Der Himmel über Berlin (trailer)
Wim Wenders, 1987
Porque é que eu estou aqui?
No início do
filme há um poema, escrito por Handke, que
explica porquê. "Quando a criança era uma
criança, não sabia que era uma criança. Tudo
estava cheio de vida, e toda a vida era uma
só". Mais tarde no filme, o poema continua:
"Quando a criança era uma criança, era o
tempo das seguintes perguntas: Porque é que
eu sou eu e porque não tu? Porque é que eu
estou aqui e porque é que não estou ali?"
Os anjos, que sabem as respostas a estas
perguntas, estão de certa forma
desamparados. Podem saber e ver tudo
enquanto olham para baixo, do alto – como o
filme mostra com os seus planos aéreos
vertiginosos. Mas não sentem nada dos
simples prazeres sensuais do ser humano, a
alegria do mundano – uma divisão
cinematográfica demonstrada ao filmar todas
as cenas com os anjos a preto e branco. Numa
cena improvisada, Peter Falk experimenta
vários chapéus com um diretor de figurinos,
um ato simples que capta o prazer das
experiências quotidianas de identidade que
estão para além dos anjos.
Separações
As Asas do
Desejo é sobre dualidades e
separações. Situado numa cidade
artificialmente dividida pelo Muro de
Berlim, o espiritual é separado do sensual,
o celestial do mundano, os homens das
mulheres, os adultos das crianças. Acima de
tudo, o filme é sobre como estamos todos
separados uns dos outros, e um profundo
sentimento de solidão percorre-o.
Quando o anjo Damiel começa a apaixonar-se
pela bela, mas solitária trapezista Marion
(Solveig Dommartin), sentimos que eles
deveriam estar juntos. O processo é lento e,
no final, Damiel tem de escolher se quer ou
não abdicar do seu estatuto de imortal para
experimentar um amor físico por esta mulher.

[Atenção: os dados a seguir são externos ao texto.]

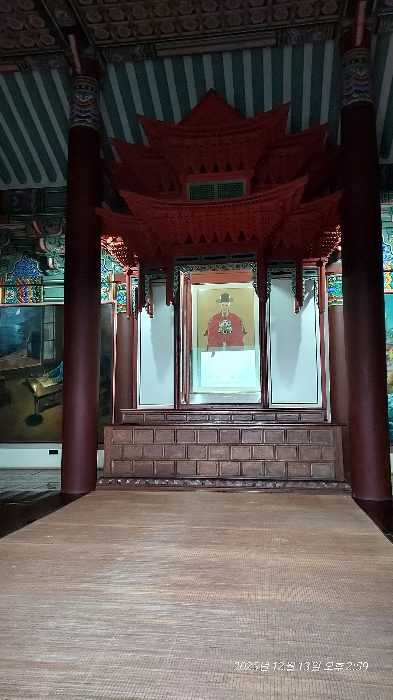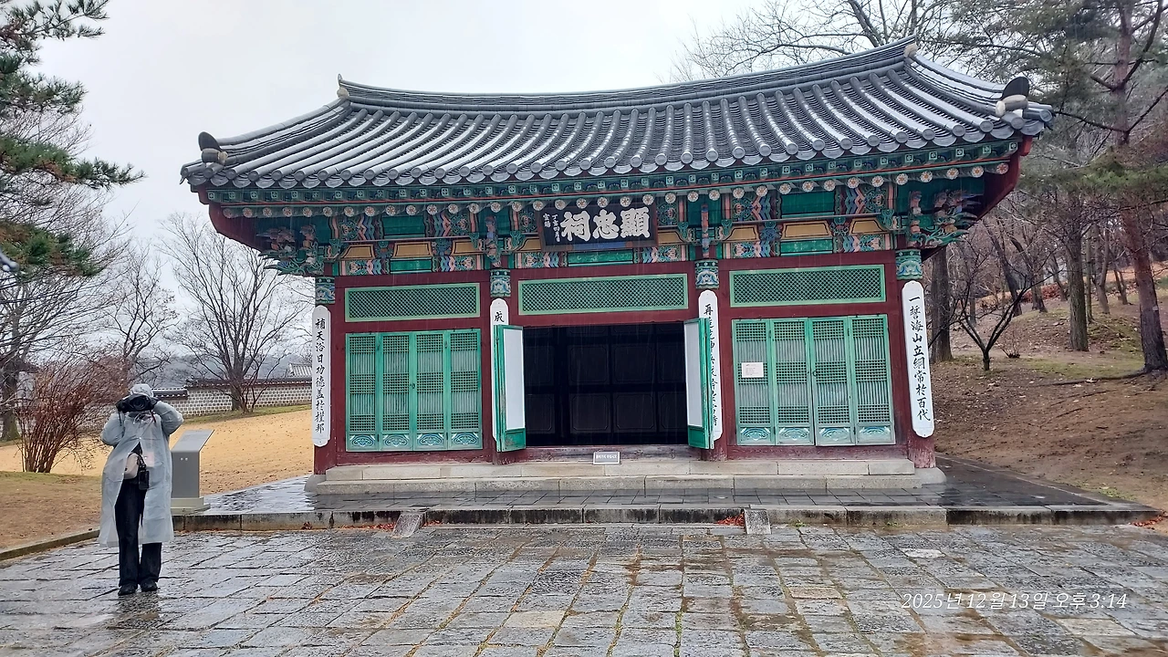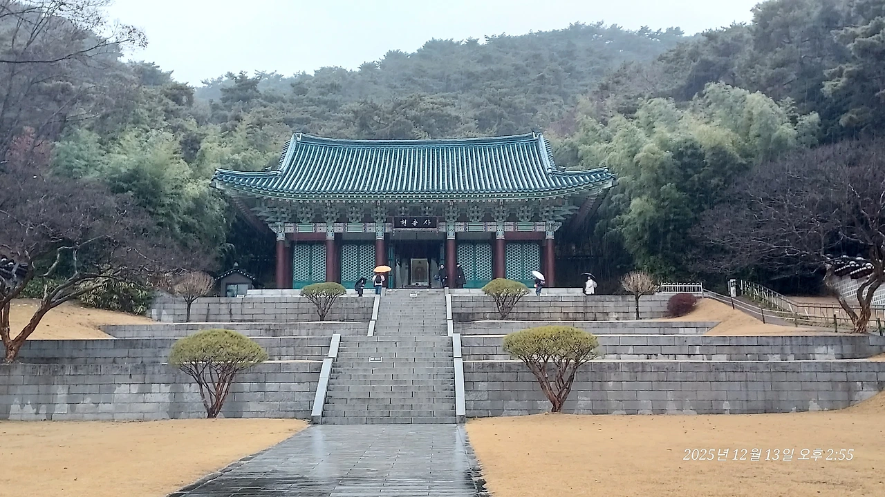 지금의 현충사는 사당에는 잘 쓰지 않는 팔작지붕을 하고 있고, 닫집과 마룻바닥, 문을 빼고는 전부 콘크리트로 지어져서 건축적, 역사적 의미가 많이 퇴색된다. 아산시가 다 내려다보이는 위치만큼은 위용이 넘치지만, 이순신 장군이 바라는 바가 아닐 것 같다. 당당한 풍채에 선한 눈빛과 얼굴을 하고 있는 그의 영정은 남의 집에 있는 듯 잘 어울리지 않는다. 그 넓은 현충원 어딘가에 말을 타고 달리는 동상이라도 하나 있었다면 이런 답답한 마음은 덜했을까?

O espectador é encorajado a acreditar que
esta é a decisão correta, porque Peter Falk,
um anjo que fez a travessia há muito tempo,
é um testemunho vivo de contentamento. Ao
fazer a travessia, ele não perdeu o seu lado
espiritual, mas reúne o espiritual com o
material, a criança com o adulto. Continua a
sentir a presença dos anjos, dizendo: "Não
vos vejo, mas sei que estão aqui".
Acabamento versus espontaneidade
As partes de
Damiel e Cassiel foram escritas por Peter
Handke, uma vez que Wenders achava que os
anjos deviam falar numa linguagem elevada,
mas a parte de Peter Falk é quase
inteiramente improvisada. Falk interpreta
uma versão de si próprio, um ator americano
que está em Berlim para fazer um filme sobre
o seu passado nazi. As crianças nas ruas
chamam-lhe "Columbo", em homenagem ao
detetive da série televisiva que fez de Falk
uma presença famosa no ecrã.
A certa
altura, Wenders reparou que Falk estava a
fazer esboços de figurantes. Decidiu
incorporar isso no filme e pediu a Falk que
improvisasse uma voz-off, que ganha
ressonância pela sua rudeza: "Estas pessoas
são figurantes, pessoas extra", diz Falk.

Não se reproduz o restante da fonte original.